# Another random Suzi thought....



## suziquzie (Mar 26, 2008)

My kids are right now watching the cartoon Tom & Jerry. It was always my favorite as a kid.
They giggle and cackle at this cartoon like none other.... including the wierd cartoons of recent years. They love old Popeye cartoons too.(although spongebob and jimmy neutron do have a special place in my heart)
I think it's so cool how timeless some things can be!


----------



## Maverick2272 (Mar 26, 2008)

My kids are hopelessly addicted to the new stuff, but Tom & Jerry is one that they also get into.
Some of this new stuff is just plain weird to me...


----------



## pdswife (Mar 26, 2008)

love that old stuff... wish it were on tv more often


----------



## Maverick2272 (Mar 26, 2008)

Meeee Beeep!!!! 

I used to wish I could order ACME rockets thru the mail like that, I have visions of rocket skates and me flying down the highway on em...


----------



## expatgirl (Mar 26, 2008)

Oh, I just love the old cartoons esp. Tom and Jerry (the really classic ones) and of course who didn't like the Wily Coyote and Roadrunner and the rest of the Looney Tunes?


----------



## suziquzie (Mar 26, 2008)

right now we're on flintstones. 
ya they should be in bed but i'm having a hard time turning it off!!!


----------



## Maverick2272 (Mar 26, 2008)

Sure make me feel bad... my kids don't get to bed until around 10!!


----------



## Fisher's Mom (Mar 26, 2008)

I'm grateful Fisher will watch cartoons now. For the longest time, he wanted to watch Spiderman 1, 2 & 3 over and over and over. . . . . I can quote all of the dialogue by heart!


----------



## suziquzie (Mar 26, 2008)

Transformers got like that here..

I am Optimus Prime, and I send this message to any surviving autobots seeking refuge among the stars......

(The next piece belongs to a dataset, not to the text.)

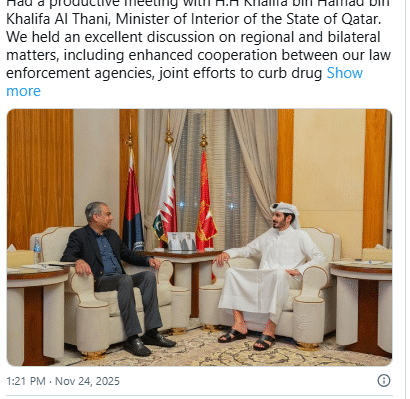 Interior Minister Mohsin Naqvi held an extensive meeting with Qatar’s Minister of Interior and Commander of the Internal Security Force, HE Sheikh Khalifa bin Hamad bin Khalifa Al Thani, during his official visit to Doha. The discussion marked a significant step forward in Pakistan–Qatar relations, particularly in the areas of security coordination and regional stability.

baby lego nose stops in the middle of dinner to recite that.


----------



## Fisher's Mom (Mar 26, 2008)

OMG! Optimus Prime is very highly regarded here, too!


----------



## Maverick2272 (Mar 26, 2008)

My kids just wont stop watching Fosters Home for Imaginary Friends, I swear I am gonna take that little blue deodorant bar and throw him in the disposal one of these days!!!!


----------



## suziquzie (Mar 26, 2008)

cartoon network isn't allowed here. nick and disney and boomerang are ok, but the new new ones dont do my dorks a bit of good.


----------



## Fisher's Mom (Mar 26, 2008)

Sadly, I am addicted to Cartoon Network. Adult Swim calls to me every night. I'm worried that I may be sick and twisted.


----------



## Maverick2272 (Mar 26, 2008)

I am hopelessly hooked on Futurama and Family Guy!


----------



## buckytom (Mar 27, 2008)

Fisher's Mom said:


> Sadly, I am addicted to Cartoon Network. Adult Swim calls to me every night. I'm worried that I may be sick and twisted.


 

lol, it's far too late to worry about that now. 


my boy also loves "tom and jerry", but most of the bizarre new stuff is uninteresting to him, thankfully. 
he likes spongebob (who doesn't), but bizarre japanese animation, as well as "fairly odd parents", "danny phantom", and others hold no interest for him. i'm very happy about that. the new stuff is just so stupid that i feel there's hope for the kids who reject it. stories need to mean something more than grand mal seizure inducing flashy scenes set within fragmented story lines, and i'm being generous by calling it a story.

is there any hope for the little bastids?


----------



## DrThunder88 (Mar 27, 2008)

Maverick2272 said:


> I am hopelessly hooked on Futurama and Family Guy!



I totally sympathize.  The only time I ever made it to a midnight release of...anything, really, was for _Bender's Big Score_.  I've fallen out of FG fandom (too many manatee jokes), but as my avatar probably indicates, I still love _Futurama_.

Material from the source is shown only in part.